# SageMaker Hyperscaler Training for Legal Reasoning Model (Part 3)

This notebook demonstrates how to train the Legal Reasoning Model using SageMaker Hyperscaler on ml.g5.8xlarge instances for optimal price-performance.

## Part 3: Training Job Configuration and Execution

### Setup

First, let's import the necessary libraries and load the configuration.

In [None]:
import os
import json
import yaml
import boto3
import sagemaker
from sagemaker.huggingface import HuggingFace
import datetime

# Load configuration
config_path = "../configs/hyperscaler_config.yaml"

with open(config_path, 'r') as f:
    config = yaml.safe_load(f)

# Set AWS region
region = 'us-east-1'  # Change to your preferred region

# Create SageMaker session
boto_session = boto3.Session(region_name=region)
sagemaker_session = sagemaker.Session(boto_session=boto_session)
role = sagemaker.get_execution_role()
bucket = sagemaker_session.default_bucket()
prefix = 'legal-reasoning-model'

### Create SageMaker Estimator

Create a SageMaker HuggingFace estimator with Hyperscaler configuration.

In [None]:
# Load distribution and hyperparameters from previous notebook
# In a real notebook, you would define these here or load from a file

# For brevity, we'll assume distribution and hyperparameters are defined
# Please run Part 2 notebook first to define these variables

# Set up training job name
timestamp = datetime.datetime.now().strftime("%Y-%m-%d-%H-%M-%S")
job_name = f"legal-reasoning-{config['model']['language']}-{timestamp}"

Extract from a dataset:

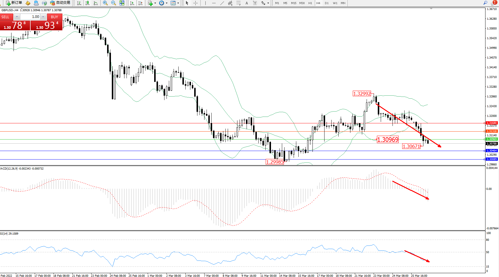 交易策略:1.30969下方看跌,目标1.30464、1.30089
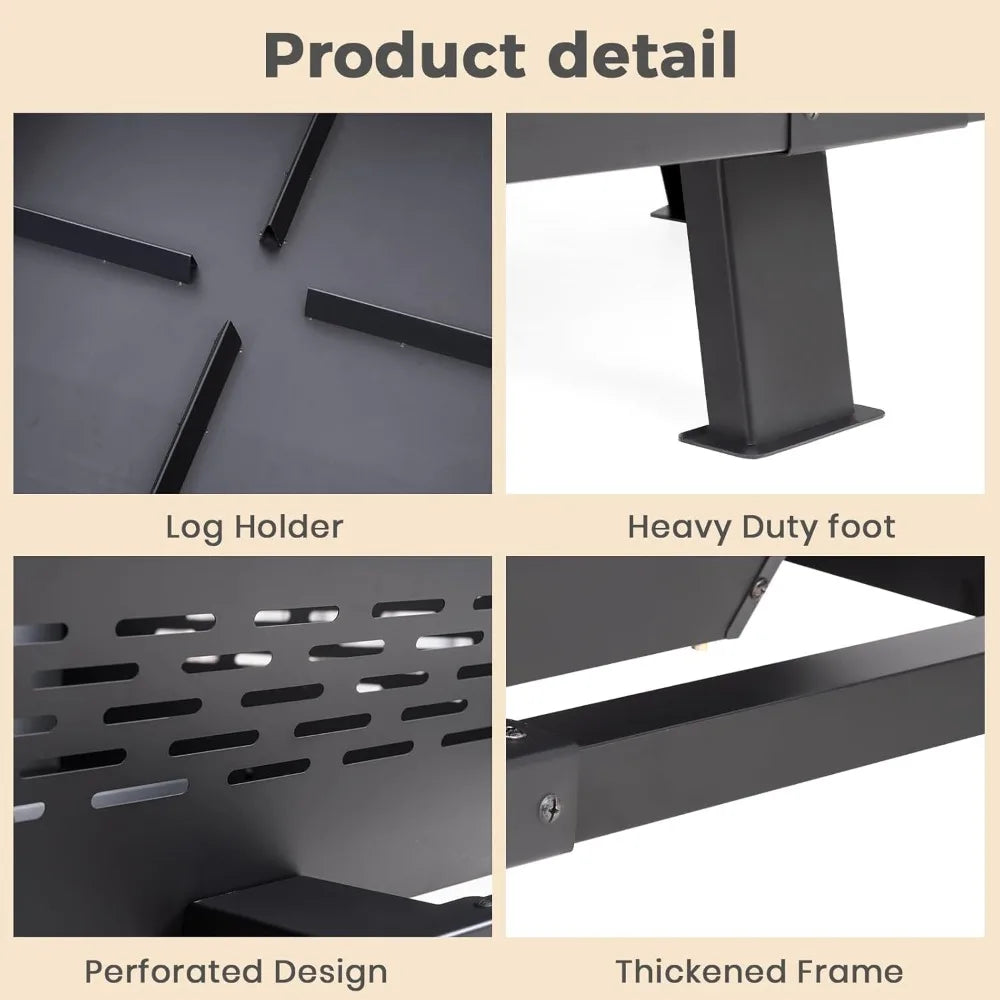 Large Square Outdoor Fire Pit with Poker Wood Burning

# Set up instance configuration
instance_type = config['aws']['instance_type']
instance_count = config['aws']['instance_count']
use_spot = config['aws']['use_spot']
max_wait = config['aws']['max_wait'] if use_spot else None
max_run = config['aws']['max_run']

# Set up output path
output_path = f"s3://{bucket}/{prefix}/model"
checkpoint_s3_uri = f"s3://{bucket}/{prefix}/checkpoints" if use_spot else None

print(f"Job Name: {job_name}")
print(f"Instance Type: {instance_type}")
print(f"Using Spot Instances: {use_spot}")
print(f"Output Path: {output_path}")

In [None]:
# Create HuggingFace estimator
huggingface_estimator = HuggingFace(
    entry_point="train_hyperscaler.py",  # Custom training script with model parallelism
    source_dir="../src/training",         # Directory containing the training code
    instance_type=instance_type,
    instance_count=instance_count,
    role=role,
    transformers_version="4.28.1",
    pytorch_version="2.0.0",
    py_version="py310",
    hyperparameters=hyperparameters,
    distribution=distribution,
    use_spot_instances=use_spot,
    max_wait=max_wait,
    max_run=max_run,
    checkpoint_s3_uri=checkpoint_s3_uri,
    output_path=output_path,
    base_job_name=job_name,
    sagemaker_session=sagemaker_session
)

### Start Training Job

Define data channels and start the training job.

In [None]:
# Define data channels
data_channels = {
    "train": f"s3://{bucket}/{prefix}/data/train",
    "validation": f"s3://{bucket}/{prefix}/data/validation"
}

print("Data Channels:")
print(json.dumps(data_channels, indent=2))

In [None]:
# Start training job
# Note: This will actually start the training job on SageMaker
# Uncomment the following line to run the training job

# huggingface_estimator.fit(inputs=data_channels, job_name=job_name)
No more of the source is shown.